#### EXERCISE OBJECTIVE:
Look through the entries that follow and return each line that has the string "with".

#### THE RECORDS:

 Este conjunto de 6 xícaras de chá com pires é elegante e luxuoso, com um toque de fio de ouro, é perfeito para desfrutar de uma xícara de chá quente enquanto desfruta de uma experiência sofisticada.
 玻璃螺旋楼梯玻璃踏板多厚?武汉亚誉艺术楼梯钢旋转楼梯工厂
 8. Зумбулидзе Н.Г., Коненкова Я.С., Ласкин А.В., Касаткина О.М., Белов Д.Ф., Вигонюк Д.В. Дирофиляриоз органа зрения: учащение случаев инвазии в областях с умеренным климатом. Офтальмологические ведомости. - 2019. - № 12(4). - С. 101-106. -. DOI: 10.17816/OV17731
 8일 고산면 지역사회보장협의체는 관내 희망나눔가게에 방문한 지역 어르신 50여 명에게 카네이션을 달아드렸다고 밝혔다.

...

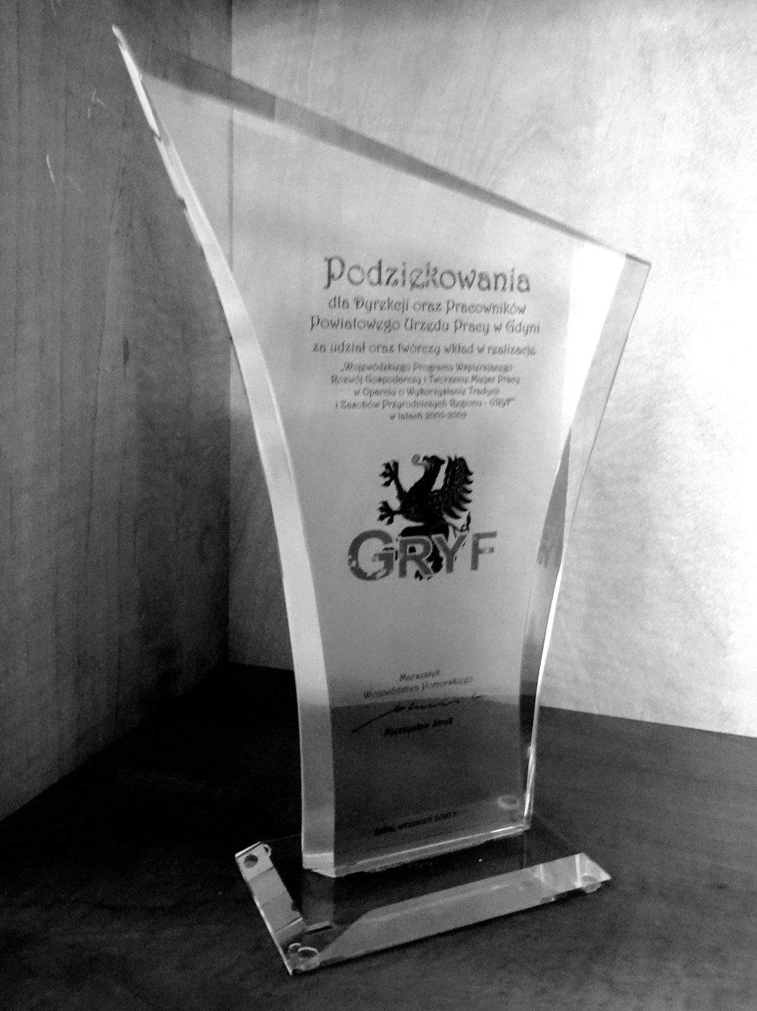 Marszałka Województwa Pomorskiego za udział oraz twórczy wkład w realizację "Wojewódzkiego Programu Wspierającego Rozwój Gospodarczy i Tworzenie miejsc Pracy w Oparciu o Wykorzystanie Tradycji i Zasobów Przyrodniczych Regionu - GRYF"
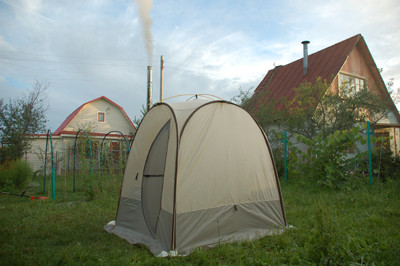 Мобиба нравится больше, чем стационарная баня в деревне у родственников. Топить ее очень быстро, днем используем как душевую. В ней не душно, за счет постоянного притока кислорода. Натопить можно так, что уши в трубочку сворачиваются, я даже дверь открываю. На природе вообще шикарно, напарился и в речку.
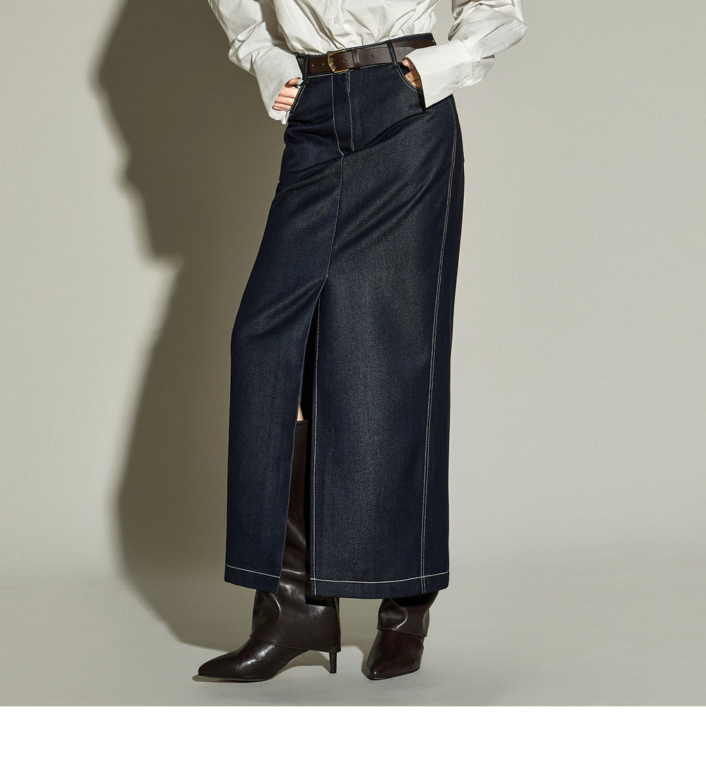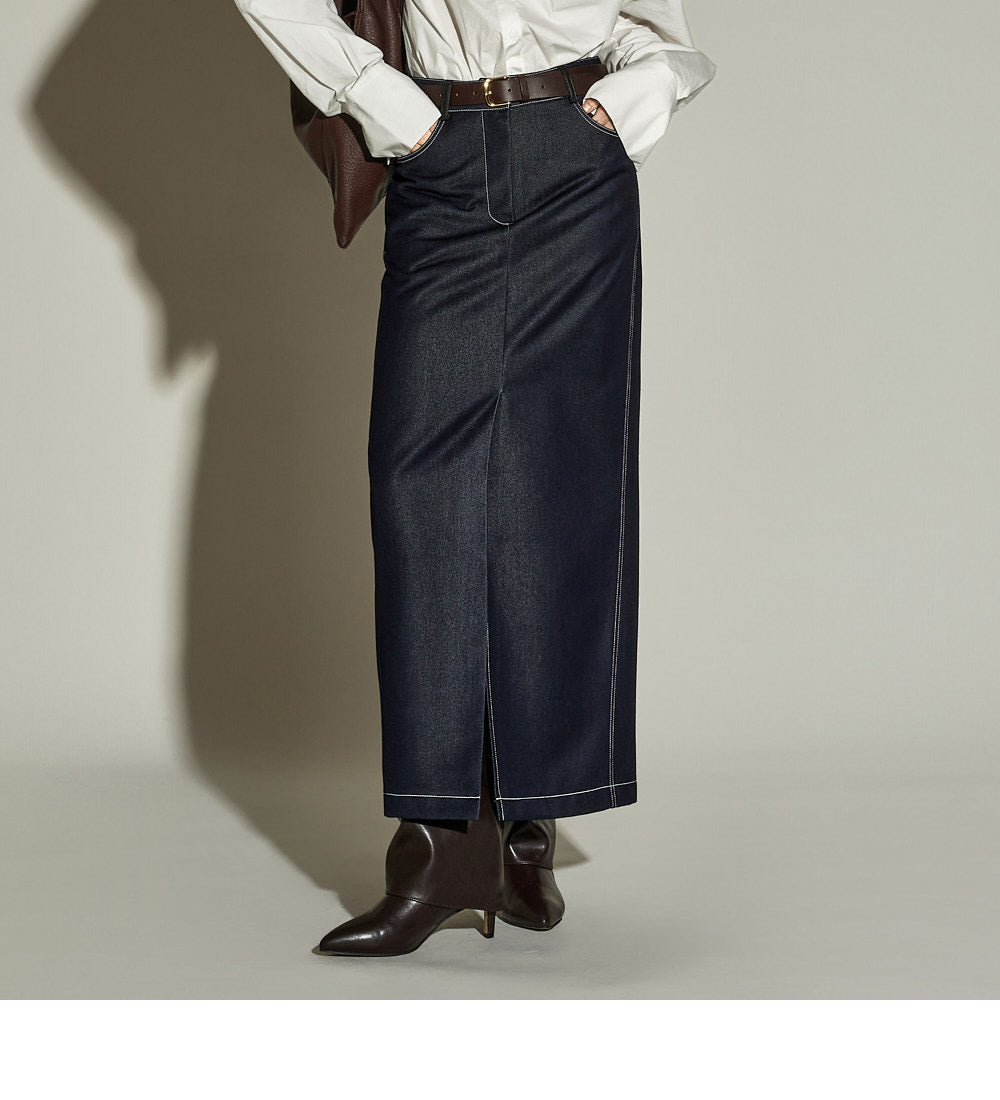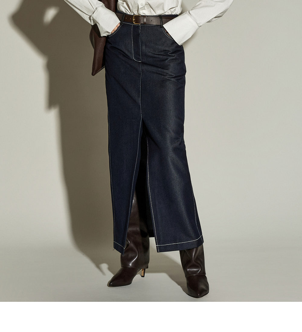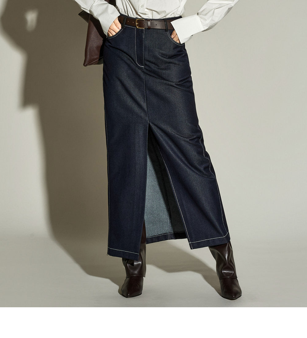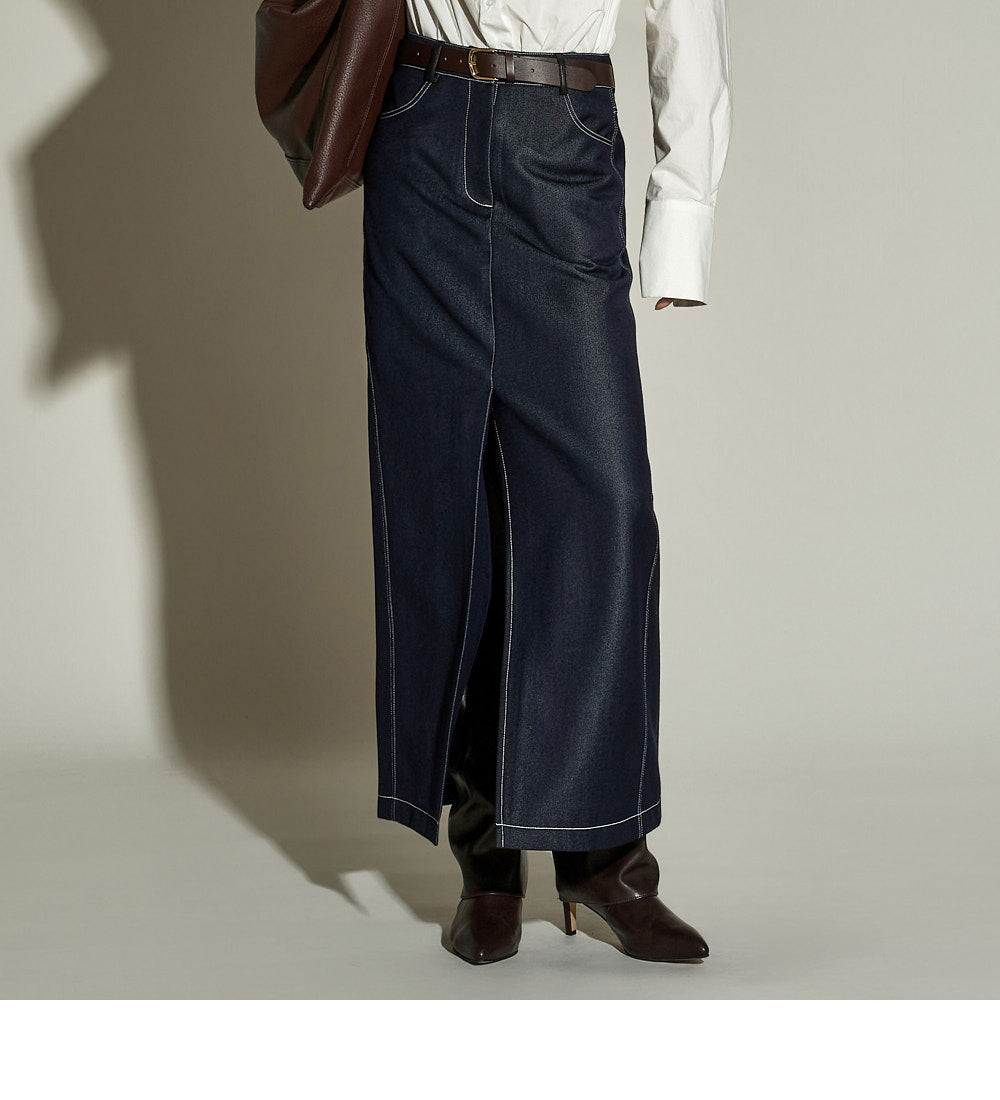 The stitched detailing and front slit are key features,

==

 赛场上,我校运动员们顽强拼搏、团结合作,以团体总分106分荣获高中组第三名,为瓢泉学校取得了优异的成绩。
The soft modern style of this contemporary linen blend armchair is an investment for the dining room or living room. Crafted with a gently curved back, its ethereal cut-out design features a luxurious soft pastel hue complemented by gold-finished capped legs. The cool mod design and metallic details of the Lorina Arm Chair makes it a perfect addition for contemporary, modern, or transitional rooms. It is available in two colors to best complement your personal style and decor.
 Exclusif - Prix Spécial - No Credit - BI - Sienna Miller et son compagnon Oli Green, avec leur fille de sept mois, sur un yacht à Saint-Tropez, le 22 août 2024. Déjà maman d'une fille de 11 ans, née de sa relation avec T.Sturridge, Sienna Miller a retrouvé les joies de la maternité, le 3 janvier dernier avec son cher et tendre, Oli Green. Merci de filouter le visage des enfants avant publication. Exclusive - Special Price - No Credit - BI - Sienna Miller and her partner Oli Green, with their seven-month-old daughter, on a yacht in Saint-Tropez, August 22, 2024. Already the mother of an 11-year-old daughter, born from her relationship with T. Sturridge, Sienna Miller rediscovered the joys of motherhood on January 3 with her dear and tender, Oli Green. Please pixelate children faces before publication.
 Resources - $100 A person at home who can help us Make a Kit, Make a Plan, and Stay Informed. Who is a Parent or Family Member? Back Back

#### RESPONSE:
The soft modern style of this contemporary linen blend armchair is an investment for the dining room or living room. Crafted with a gently curved back, its ethereal cut-out design features a luxurious soft pastel hue complemented by gold-finished capped legs. The cool mod design and metallic details of the Lorina Arm Chair makes it a perfect addition for contemporary, modern, or transitional rooms. It is available in two colors to best complement your personal style and decor.
 Exclusif - Prix Spécial - No Credit - BI - Sienna Miller et son compagnon Oli Green, avec leur fille de sept mois, sur un yacht à Saint-Tropez, le 22 août 2024. Déjà maman d'une fille de 11 ans, née de sa relation avec T.Sturridge, Sienna Miller a retrouvé les joies de la maternité, le 3 janvier dernier avec son cher et tendre, Oli Green. Merci de filouter le visage des enfants avant publication. Exclusive - Special Price - No Credit - BI - Sienna Miller and her partner Oli Green, with their seven-month-old daughter, on a yacht in Saint-Tropez, August 22, 2024. Already the mother of an 11-year-old daughter, born from her relationship with T. Sturridge, Sienna Miller rediscovered the joys of motherhood on January 3 with her dear and tender, Oli Green. Please pixelate children faces before publication.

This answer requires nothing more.